## TRY IT
Your answer must be an exact transcription of the data, with every picture omitted.

INFORMATION SHOWN START

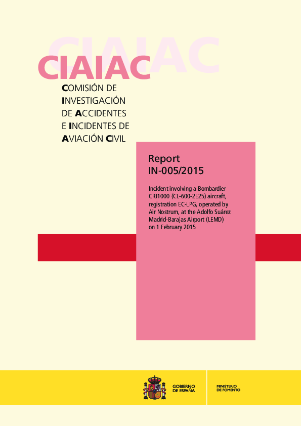 On 1 February 2015, a Bombardier CRJ 1000 departed from Pamplona with slush likely to have been in excess of the regulatory maximum depth on the runway. On landing at Madrid, the normal operation of the brake units was compromised by ice and one tyre burst damaging surrounding components and leaving debris on the runway, and the other tyre was slow to spin up and sustained a serious flat spot. The Investigation concluded that the Pamplona apron, taxiway and runway had not been properly cleared of frozen deposits and that the flight crew had not followed procedures appropriate for the prevailing conditions.
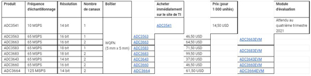 L’ADC3563, l’ADC3583, l’ADC3643, l’ADC3660, l’ADC3663, l’ADC3664 et l’ADC3683 sont disponibles auprès de TI dans un boîtier WQFN (Very thin Quad Flat No-Lead) de 5 mm x 5 mm. L’ADC3541 est proposé dès à présent en version de préproduction, exclusivement sur TI.com, et devrait être produit en quantité à compter du premier trimestre 2022. Les modules d’évaluation sont disponibles auprès de TI au prix de 249 USD. Le site offre différentes options de paiement, de ligne de crédit et d’expédition fiable et rapide.
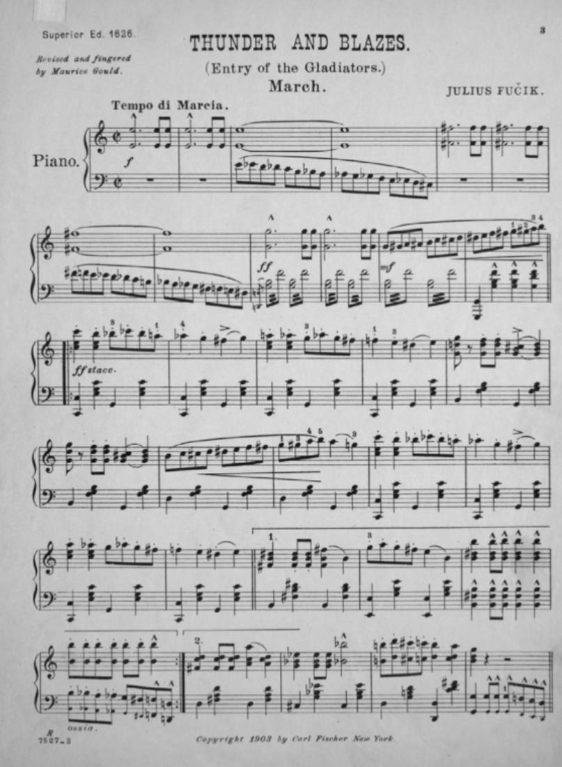 для небольшого духового оркестра и назвал её "Thunder and Blazes" ("Гром и пламя").

INFORMATION SHOWN END

## SOLUTION TO THIS PROBLEM
 On 1 February 2015, a Bombardier CRJ 1000 departed from Pamplona with slush likely to have been in excess of the regulatory maximum depth on the runway. On landing at Madrid, the normal operation of the brake units was compromised by ice and one tyre burst damaging surrounding components and leaving debris on the runway, and the other tyre was slow to spin up and sustained a serious flat spot. The Investigation concluded that the Pamplona apron, taxiway and runway had not been properly cleared of frozen deposits and that the flight crew had not followed procedures appropriate for the prevailing conditions.
 L’ADC3563, l’ADC3583, l’ADC3643, l’ADC3660, l’ADC3663, l’ADC3664 et l’ADC3683 sont disponibles auprès de TI dans un boîtier WQFN (Very thin Quad Flat No-Lead) de 5 mm x 5 mm. L’ADC3541 est proposé dès à présent en version de préproduction, exclusivement sur TI.com, et devrait être produit en quantité à compter du premier trimestre 2022. Les modules d’évaluation sont disponibles auprès de TI au prix de 249 USD. Le site offre différentes options de paiement, de ligne de crédit et d’expédition fiable et rapide.
 для небольшого духового оркестра и назвал её "Thunder and Blazes" ("Гром и пламя").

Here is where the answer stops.